Nesta tarefa, a Palestina é o mundo porque amplia a possibilidade de narrar o inenarrável, porque amplia as vozes daqueles que, como os palestinos, perduram anos e anos de destruição e apagamento sem a possibilidade da expressão concreta, do trabalho da transmissão.
Mas há algo mais que torna os palestinos, e o Levante, uma imagem do contemporâneo: no jargão do campo de concentração nazista, o intestemunhável tinha nome, der Muselmann, o muçulmano. Essa coincidente nomenclatura era usada para aqueles que tinham abandonado toda a esperança, abandonados pelos companheiros, incapazes de discernir qualquer coisa, e que, dolorosamente, segundo Jean Améry, deveriam ser excluídos das considerações sobre o holocausto. Mas não segundo Primo Levi, esse homem-alegoria da sobrevivência ao nazismo, que moveu todos os seus esforços para tornar transmissível a transformação do prisioneiro em Muselmann. É essa figura que hoje irrompe do céu da política global: o muçulmano (religião majoritária do Levante, e que sofre as consequências do ódio racista anti-árabe de forma mais direta, lembremos), sintetiza a visão global dos países que deram à Europa e ao mundo a medicina, a álgebra, o algoritmo, a sobrevivência de Aristóteles e Platão, as primeiras universidades…
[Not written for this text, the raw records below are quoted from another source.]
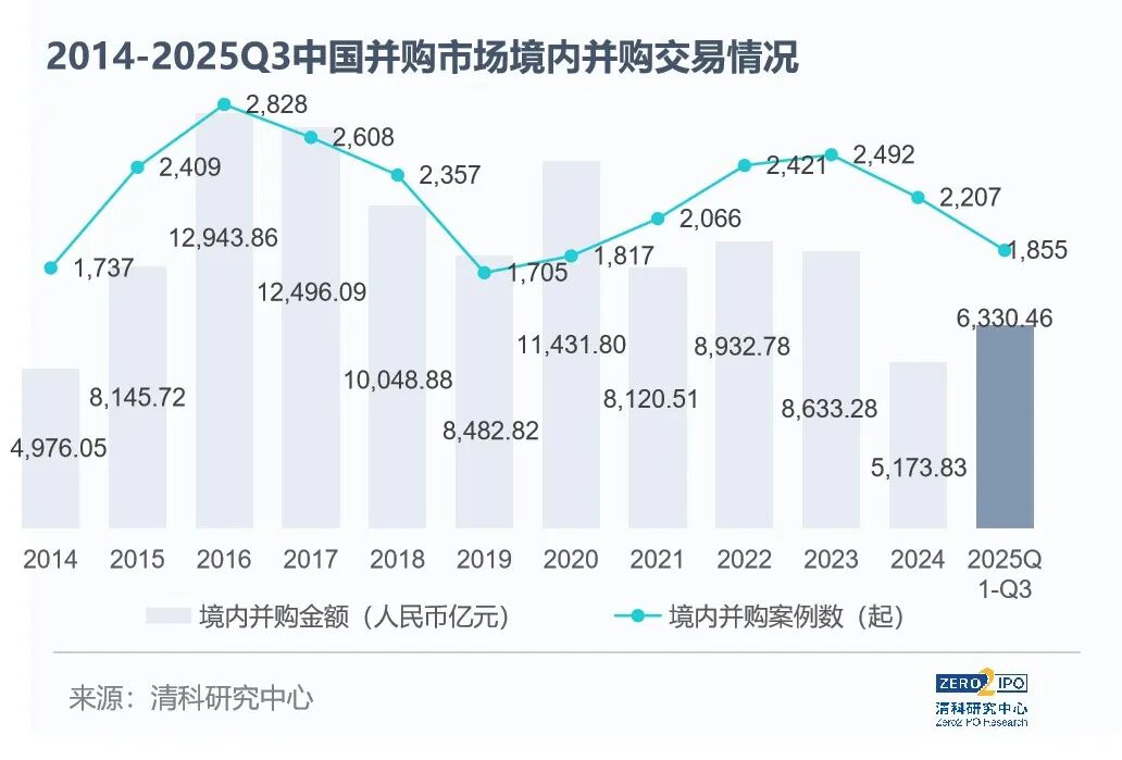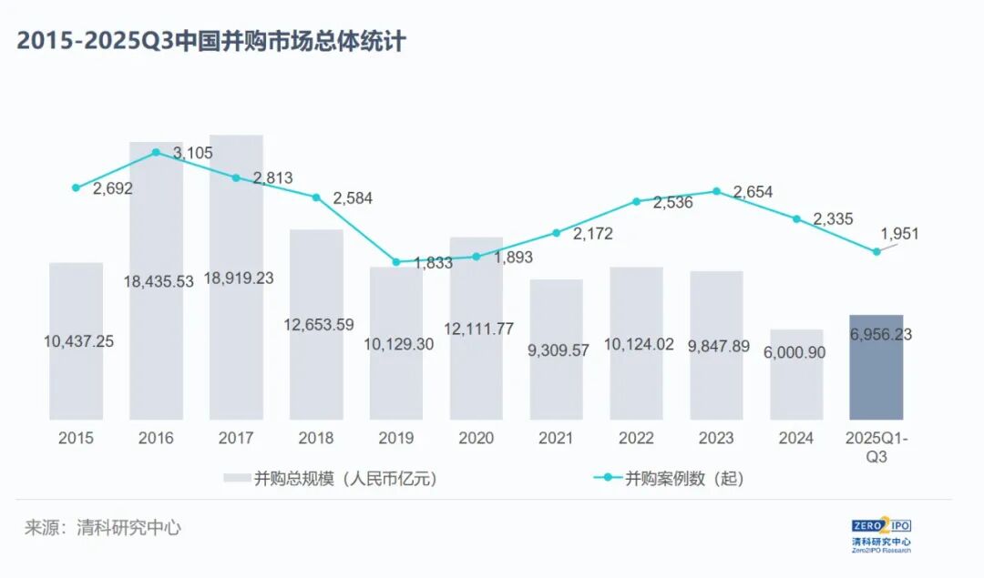 “并购六条”落地一年来,我国并购市场政策环境持续优化,政策包容度显著提升,市场对于并购重组的关注度不断提高,国资、产业资本、上市公司、VC/PE机构等各类主体参与并购的热情持续提升。在全球产业链格局深度调整和国内经济结构转型背景下,行业竞争逐渐由增量扩张转向存量整合,并购重组成为优化资源配置、提升产业集中度、推动结构升级的重要抓手。2024年以来,深圳、上海、安徽、广州等地方相继发布关于通过并购重组支持地方经济转型发展的行动方案,鼓励本地上市公司、龙头企业或“链主”企业、国有企业等通过并购重组实现创新突破发展,随后多地国资、产业资本、上市公司等积极发起设立并购基金,通过“基金+产业”模式支持地方经济转型。2025年5月,《上市公司重大资产重组管理办法》正式发布,对上市公司进行重大资产重组的行为给到了主要维度的政策性实质支持,进一步提升了并购重组监管制度的适配性、包容性、便捷性。在政策推动下,2025年前三季度上市公司披露并购事件数量显著上升,各地国资和VC/PE机构也加快了在并购市场的布局,积极设立并购基金、参与并购交易。2025年9月22日,国务院新闻办公室举行“高质量完成‘十四五’规划”系列主题新闻发布会,证监会主席吴清表示,下一步将增强多层次市场体系的适配性,以科创板、创业板“两创板”改革为抓手,推进发行上市、并购重组等制度改革,更大力度支持创新,更好支持不同行业、不同类型、不同阶段的优质企业通过资本市场茁壮成长。总体来看,随着监管层对并购重组的支持与引导,我国并购市场运行机制正趋于完善,市场活力不断释放。清科研究中心将在下文就并购市场核心动态进行分析,更多中国股权投资市场分析内容,欢迎关注《2025年前三季度中国股权投资市场特点与趋势解读》。
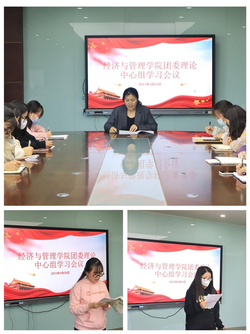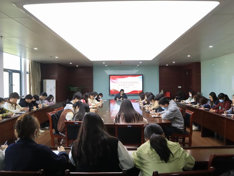 为深入学习贯彻党的二十大精神,在全面学习、全面把握、全面落实上下功夫,经济与管理学院于2023年4月26日下午在C座818召开第二次团委理论学习中心组学习(扩大)会议。学院团委书记赵恒梅主持学习并讲话。
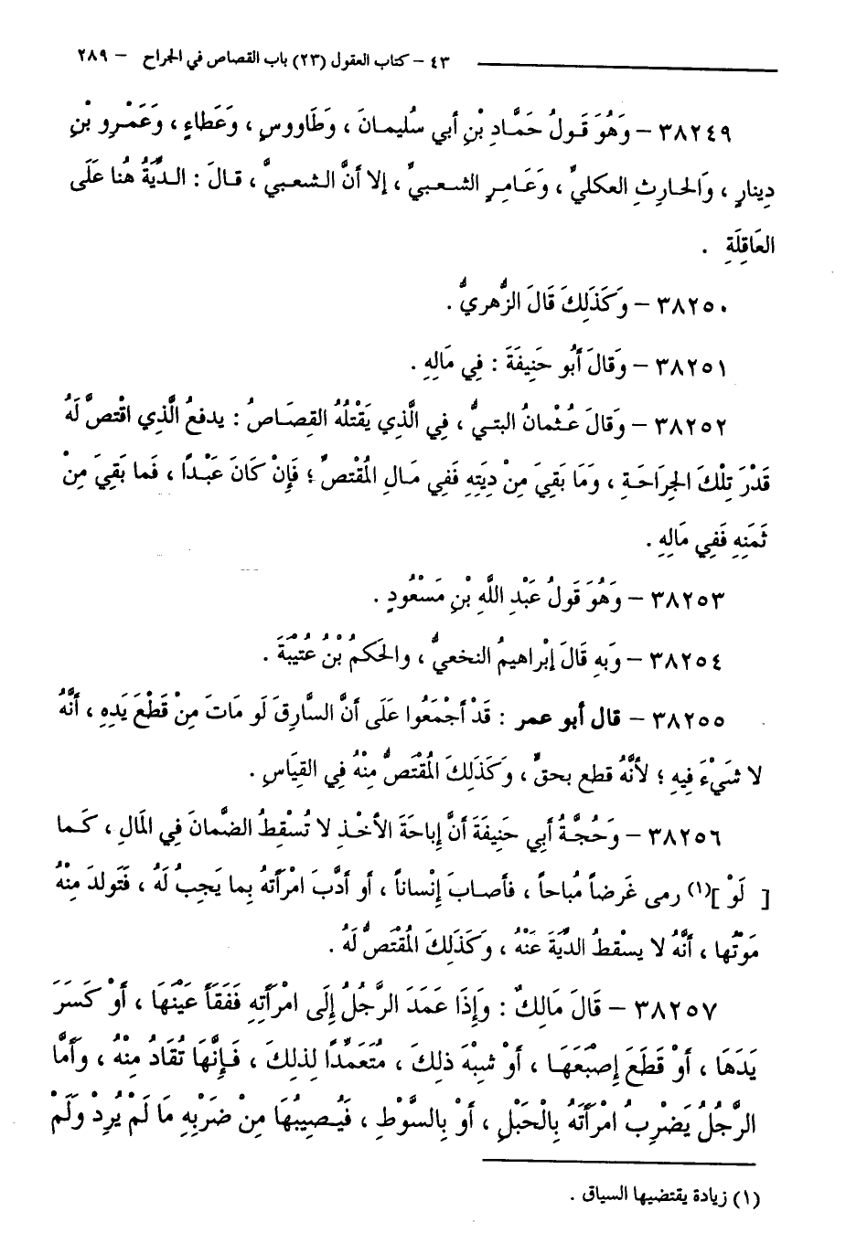 38249 - وَهُوَ قَوْلُ حَمَّادِ بْنِ أَبِي سُلَيْمَانَ، وَطَاوُسٍ، وَعَطَاءٍ، وَعَمْرِو بْنِ دِينَارٍ، وَالْحَارِثِ الْعُكْلِيِّ، وَعَامِرٍ الشَّعْبِيِّ، إِلَّا أَنَّ الشَّعْبِيَّ، قَالَ: الدِّيَةُ هُنَا عَلَى الْعَاقِلَةِ.
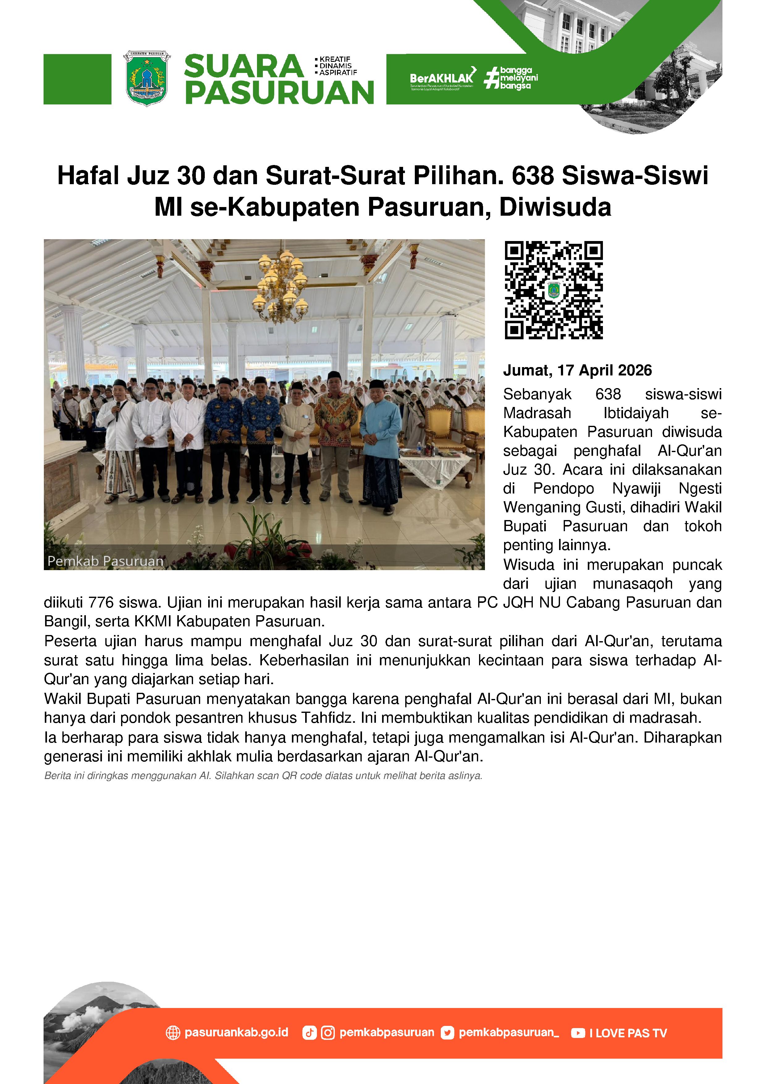 Sebanyak 638 siswi/siswi Madrasah Ibtidaiyah (MI) se-Kabupaten Pasuruan resmi diwisuda sebagai Penghafal Al Qur'an Juz 30.

A Palestina, e com ela, o Levante, são o mundo porque nos dão a imagem inefável do Muselmann, da humanidade alocada ao umbral entre si mesma e o inumano. É o lugar do mundo em que, como com os povos da floresta (olhem o que acontece neste momento em Santa Catarina), a exceção se torna o paradigma do cotidiano. E se torna, como o Muselmann do campo, aquilo que ninguém quer ver.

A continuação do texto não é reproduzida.